Hallyu Wave, Not Just An Ordinary Wave

‘Hallyu Wave’ may sound familiar to some people while others are probably wondering what kind of wave that is. No, it is not a kind of tidal wave that can be found daily at the sea. The term ‘Hallyu Wave’ refers to a sweeping phenomenon in which Korean cultural products (such as movies, popular songs, dramas, food and clothing) are enthusiastically hailed by people from countries all over the world. This unprecedented craze for Korean culture has been spreading in an astonishing speed for the last decade.

Hallyu Wave first took place in China and Southeast Asia around late 1990s, when a Korean pop group, H.O.T, released their album in China and became a hit. They are later credited as forerunners of the ‘idol group’ trend in South Korea. Short after, a Korean drama ‘Winter Sonata’ was broadcasted in 2002 and soon gained massive popularity throughout Asia as well as Europe and North America. The drama has been broadcasted in 13 different terrestrial and cable stations in Japan alone and viewed by over two-thirds of the nation’s television households.

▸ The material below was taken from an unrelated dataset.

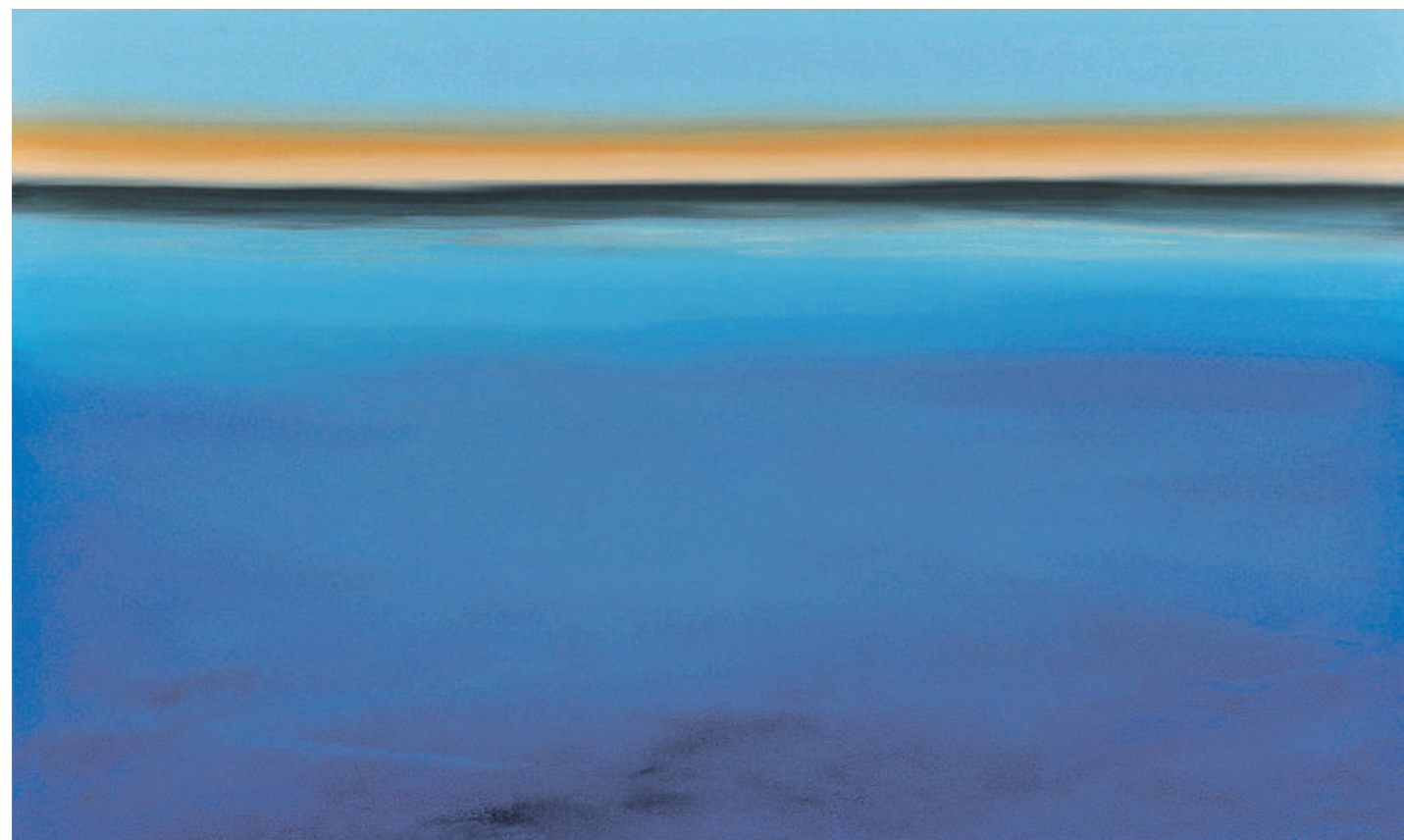
DEEP BLUE SEA, 110x180cm

Der Lenzburger Künstler Alain Miege setzt seine Traumwelten in einer ganz eigenen Maltechnik um. Je nach Lichteinfall entfalten die Gemälde unterschiedliche, aber immer magische Wirkungen.

One of the most important aspects of Hallyu Wave is music, which is widely known as ‘K-Pop’ (an abbreviation of Korean pop). ‘K-Pop’ is a musical genre consisting of pop, dance, electropop, hip hop, rock, R&B and electronic music. In the recent years, K-Pop has started to take domination over music industry, especially in Asia. In 2008, a famed Korean male group TVXQ made it in the Guinness World Record for having the world’s largest official fan club. They have more than 800,000 official members just in South Korea, more than 200,000 official members in Japan and more than 200,000 international fans. ‘Best Selection 2010’, which consists of their best-selling songs, was sold for more than 1.000.000 copies and got first place for world’s album selling, leaving popular names such as Black Eyed Peas, Justin Bieber and even Michael Jackson behind.

Other groups who also have important roles in spreading Hallyu Wave are Super Junior, KARA, SNSD and Wonder Girls. The last two female groups have even made their debut in the USA by releasing English version of their hit song and making appearances on major television network talk shows, slowly enlarging the number of their fan club there. On the male’s side, the ‘leader’ of Hallyu Wave, Super Junior, shows their superiority by constantly holds their annual concert which takes place in countries around the world titled ‘Super Show’. The enormous concert always succeeds to attract thousands audiences and scored amazing ticket-selling record for the last four years.

This phenomenon of Korean-addiction, however, also has implications on many aspects. K-Pop, for example, has grown into a popular subculture among teenagers and young adults around the world, resulting in widespread interest in the fashion and style of Korean idol groups and singers. The recognition of Korean boy and girl groups also brought a quite drastic change in music style in some countries, including Indonesia. It starts over the trend of idol groups that used to be popular around 10 years ago here in our country. Newly emerging Indonesian idol groups such as SM*SH and Cherry Belle also admitted that they are inspired by K-Pop idols.

Not only music, the Korean wave also reflects to the spread of other aspects of Korean culture, including food, clothing, video games, and the language. International fans who like listening to K-Pop songs or watching Korean dramas tend to get interested in learning Korean language as well. They also find Korean people’s lifestyle fascinating and slowly begin to imitate the subcultures, from the way they dress up to practicing ‘aegyo’, a cute action often done by Korean.

Just like the concept of Yin Yang, Hallyu Wave is not always accepted by people. Anti-Korean sentiments are also taking places all over the world in response of the swift spread of Korean culture. In Japan, for example, more than 2000 people are reported to hold a demonstration in front of Fuji TV broadcast station, asking them to stop airing Korean programs. They even sang their national song and brought Japan flag to show their strong nationalism for their country and rejected Hallyu Wave which they thought have weighed down Japanese culture.

Hallyu Wave has brought both positive and negative impact to world’s people. On one hand, it introduces something new and fresh for us to enjoy. On the other hand, people are often become too obsessed with it that they no longer care about their original culture. It is absolutely okay to be fond of other culture, but our keenness shouldn’t make us overlook our identity of who we are.